Saf sızma zeytinyağı, antioksidanlar ve E vitamini bakımından zengin olduğundan, araştırmacılar bu yağın diğer zeytinyağı çeşitlerine göre zararlı kolesterole karşı daha koruyucu bir etkisi olduğunu düşünmektedir. Diğer zeytinyağı çeşitleri, saf sızma yağ alındıktan sonra kalan kısmın preslenmesiyle elde edildiğinden, bazı besleyici özellikleri azalmakta veya kaybolmaktadır. Ancak saf sızma zeytinyağının, daha düşük ısıda yanmaya başlaması, yüksek ısıda kullanıldığında zararlı maddeler salabileceği ve faydalı içeriğinin bir kısmını yitirebileceği kaygılarını doğurmuştur.

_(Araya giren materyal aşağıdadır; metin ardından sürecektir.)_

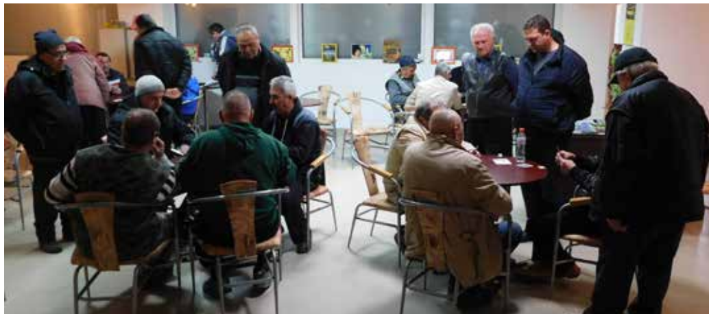
Турнирът в разгара си
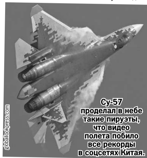
Су-57 проделал в небе такие пируэты, что видео полета побilo все рекорды в соцсетях Китая.

на приобретение Су-57, вызвав массу пересудов, какое же государство совершило громкую покупку. Но просят пока не называть покупателя: «Американцы звереют от ревности и грозят суровыми санкциями». Типичное поведение проигрывающих конкурентов.
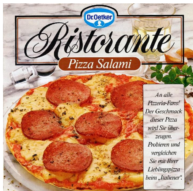
Dr. Oetker Ristorante Salami 985
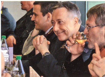
Gut gelaunter Ehrengast.

Die Veränderungen in Gesellschaft, Politik und Armee prägen auch die Lage des
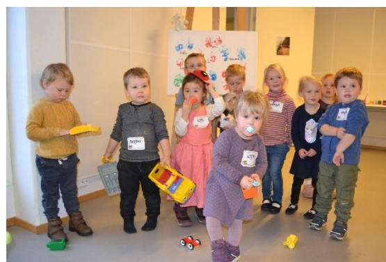
Bilde fra Barnefesten 2019

I 2019 ble 16 barn invitert, 10 barn var med på festen og 13 barn var med på Gudstjenesten. Vi planlegger å holde en småbarnsfest i året.
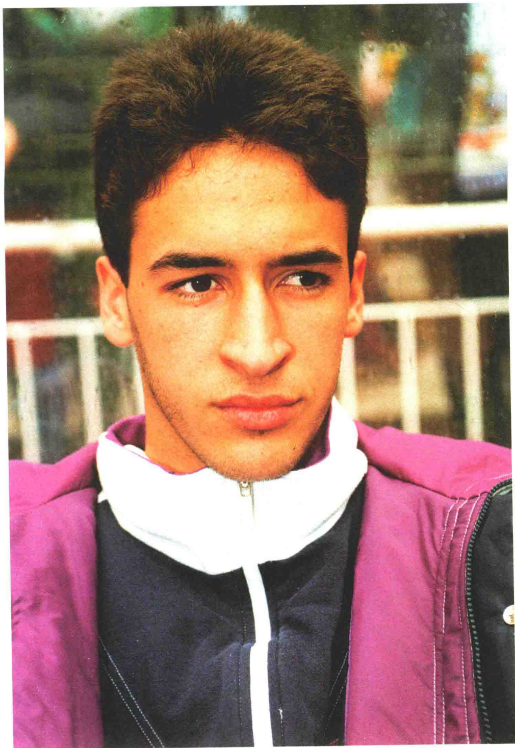
劳尔从小就比其他的同龄孩子瘦弱，看上去甚至有些营养不良。
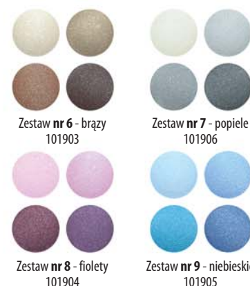
Zestaw nr 6 - brązy 101903 Zestaw nr 7 - popiele 101906 Zestaw nr 8 - fioleto 101904 Zestaw nr 9 - niebieskie 101905
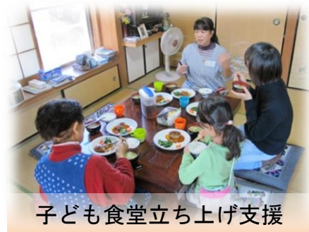
子ども食堂立ち上げ支援
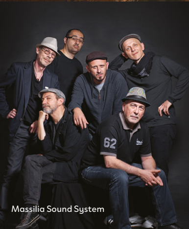
Massilia Sound System
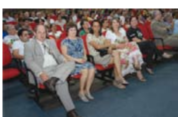
Seminário – Semeando a Cidadania Fiscal 2011

p) Participação em conferência da FACIAP, em Foz do Iguaçu, em novembro de 2011, onde houve palestra sobre "Controle Social via Observatório Social", proferida pelo
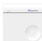
CO 2 -sensor

via de CO 2 -sensor (optioneel) (standaard instelling; 1.000 ppm)
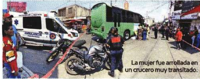
La mujer fue arrollada en un cruceo muy transitado.

"El conductor de 26 años, con quien se entrevistaron, les dijo que no se percató de la persona, por lo que fue detenido, le informaron sus derechos de ley y fue presentado, junto con el vehículo, ante el agente del Ministerio Público correspondiente, quien determinará su situación jurídica", informó la Secretaría de Seguridad Ciudadana capitalina.
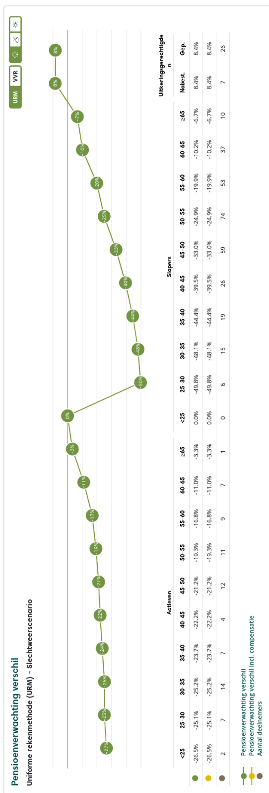
Figuur 2: Pensioenverwachting URM in het huidige slechtweersscenario bij invaren
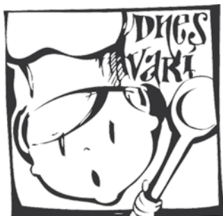
Klub dôchodcov Štefultov
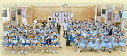
國際基甸會贈送聖經給四年級同學
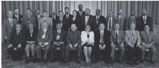
Grupo de Magistrados y participantes de la Conferencia del Protocolo de Tikal celebrada en Costa Rica en el 2003.

• Tema principal será la participación de la mujer en la política
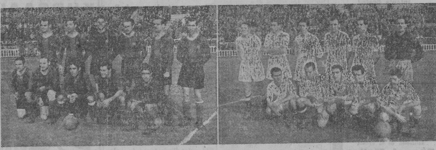
Los equipos del Barcelona y Madrid que ayer empataron en Las Cortes.
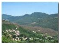
Nenno di Valbrevenna: boschi infestati da lymantria

Pietro Marcheselli - Canon Ixus 980 IS 2012 - Estate - ValBrevenna - Panorami
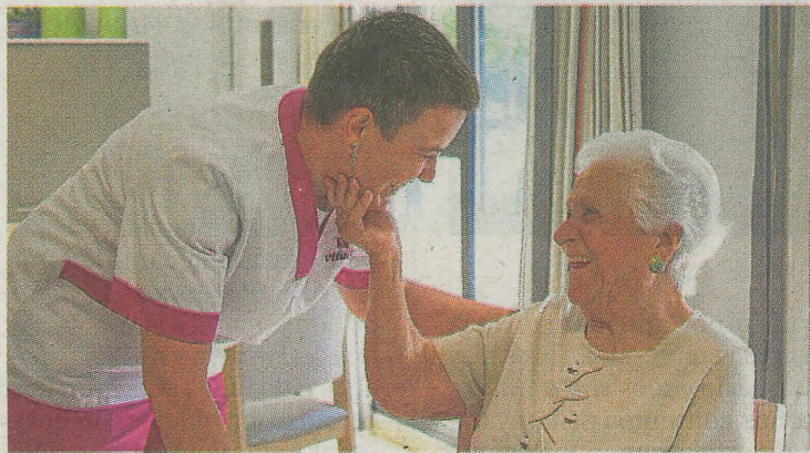
Personas usuarias de Abeletxe atenderán el mercadillo.
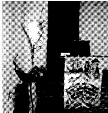
het schip 'Liefde' in ikebana-uitvoering
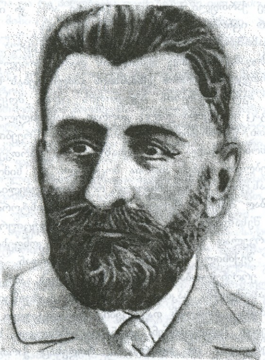
იაკობ გოგებაშვილი - 1840-1912
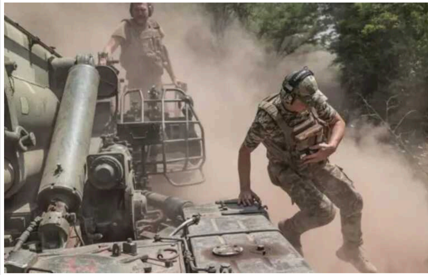
Сильно погіршилася ситуація в Харківській області між Куп'янськом і Боровою

ЗС РФ просуваються у бік дороги Борова – Куп'янськ, яка є основним логістичним шляхом у цьому районі.
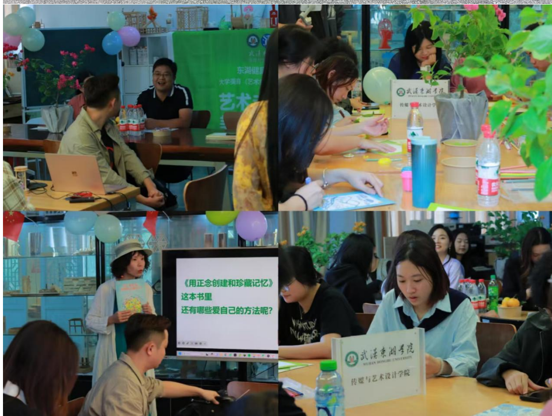
艺术疗愈正念疗法沙龙
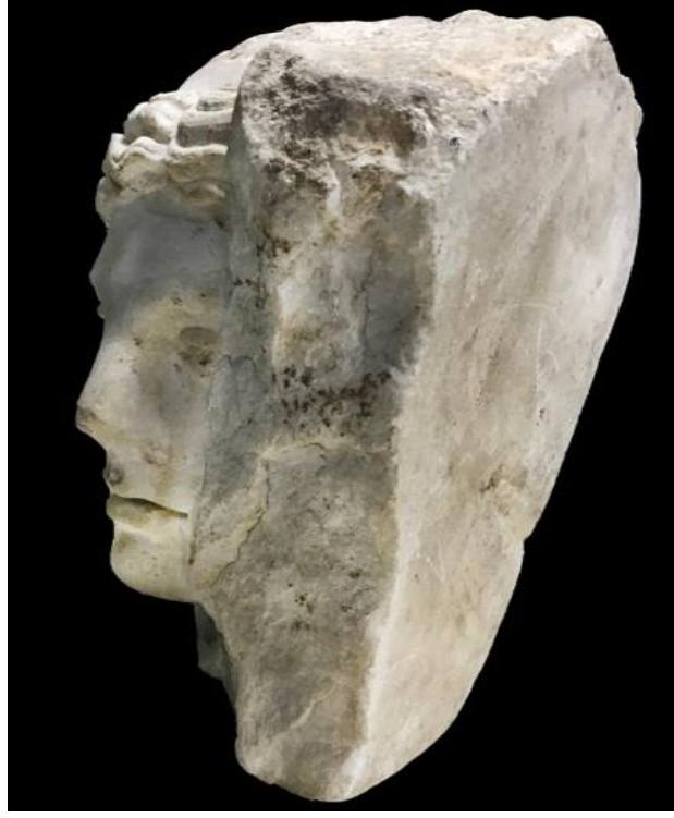
Resim 3: İdeal başın sağ profilden görünümü.
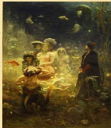
Илья Ефимович Репин «Садко»
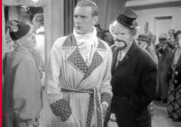
MANEGE (DE 1937)
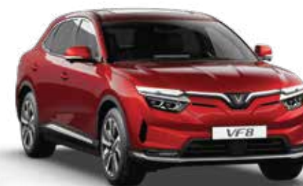
Đỏ Crimson Red
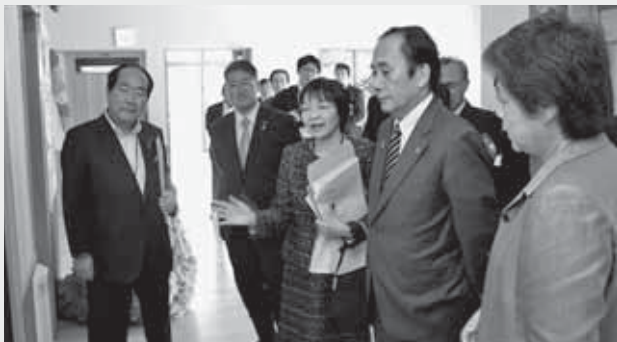
▲市立さくら保育園を見学
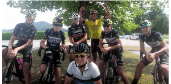
Učitelja športa z učenci OŠ Vodice na poletni vožnji
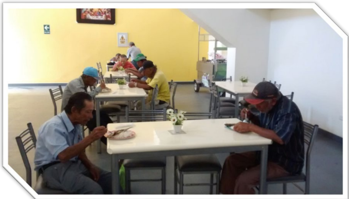
La asistencia en un inicio fue para personas en situación de calle y/o abandono.
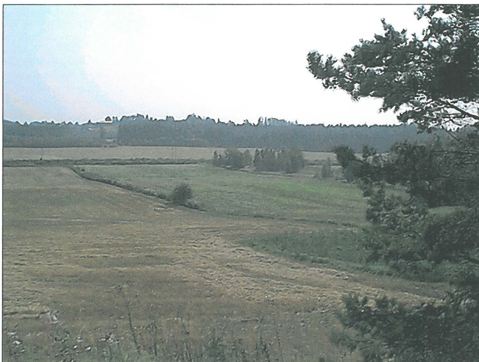
Asuinpaikkaa peltorinteen yläosassa oikealla. Kuvattu vanhalta kuutostieltä etelään.

Valokuvia. Luumäki Ontela.
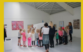
SFO afprøver sanserne

15. december orienteres Varde kommunes kunstudvalg om projektet på et møde i Janus Bygningen.
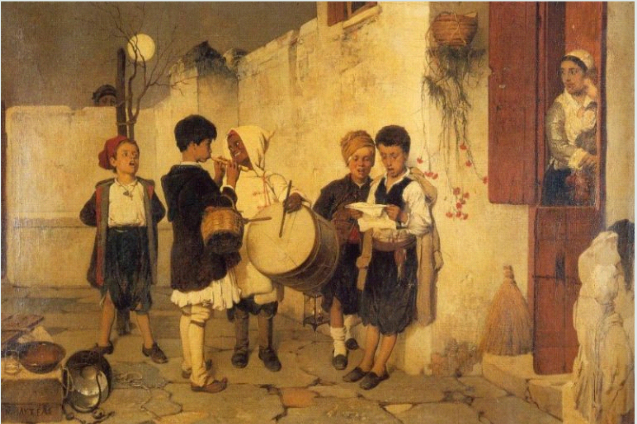
Κάλαντα (1872), Νικηφόρος Λύτρας(1832-1904)

Τρανός ή Πρωτάρης ή Μεγάλος μήνας ή Μεγαλομηνάς, γιατί είναι ο πρώτος μήνας του έτους με 31 μέρες.

Valencia Üniversitesinden Profesör Francisco Barba, “Saf sızma zeytinyağı, pişirilmeden kullanıldığında çok faydalı, fakat pişirmede kullanıldığında bile oldukça yüksek tekli doymamış yağ oranına sahiptir” diye açıklamaktadır. Son zamanlarda yapılan araştırmalar, saf sızma zeytinyağının yemek pişirmekte güvenle kullanılabileceğini göstermiştir. Araştırmacılar, saf sızma zeytinyağını tavada 120 derece sıcaklıkta farklı sürelerle tutarak değişiklikleri gözlemlemişlerdir. Yağın faydalı polifenol düzeyindeki değişiklik, süreye değil, ısı düzeyine bağlı olarak biraz değişiklik göstermiştir.
2011 yılında Avrupa Gıda Güvenliği Kurumu, zeytinyağı üreticilerinin, ürünlerinin tanıtımında, antioksidan özellikleriyle oksidasyon stresini azalttığını ve hücreleri, zararlı kolesterolden koruduğunu belirtebileceğine karar vermiştir. Araştırmalar, pişirmede kullanılan zeytinyağının bazı özellikleri azalsa da, en sağlıklı yağ olma özelliğini koruduğunu göstermektedir.
Profesör Alice Lichtenstein, zeytinyağının, tekli ve çoklu yağ asidi oranı yüksek bir yağ olmanın ötesinde bir özellik taşımadığı düşüncesindedir. Zeytinyağının sağlıklı diyetteki rolü ve olumlu özellikleri konusunda araştırma sonuçları ve bilim insanları farklı sonuçlara ulaşsa da, zeytinyağını diğer yağlara tercih etmemiz gerektiği, aynı zamanda genel yağ tüketimimizi sınırlı tutmamız gerektiği açıktır. Lichtenstein, “Burada mesaj, ‘zeytinyağı çok iyi, dolayısıyla çok tüketmeliyiz’ değil; çünkü bu, fazla kalori almak anlamına gelir. Doymuş yağlardan doymamış yağ asitlerine doğru dengeyi değiştirdikten sonra istediğimiz yağı seçebiliriz” diyerek önemli bir noktaya vurgu yapmaktadır.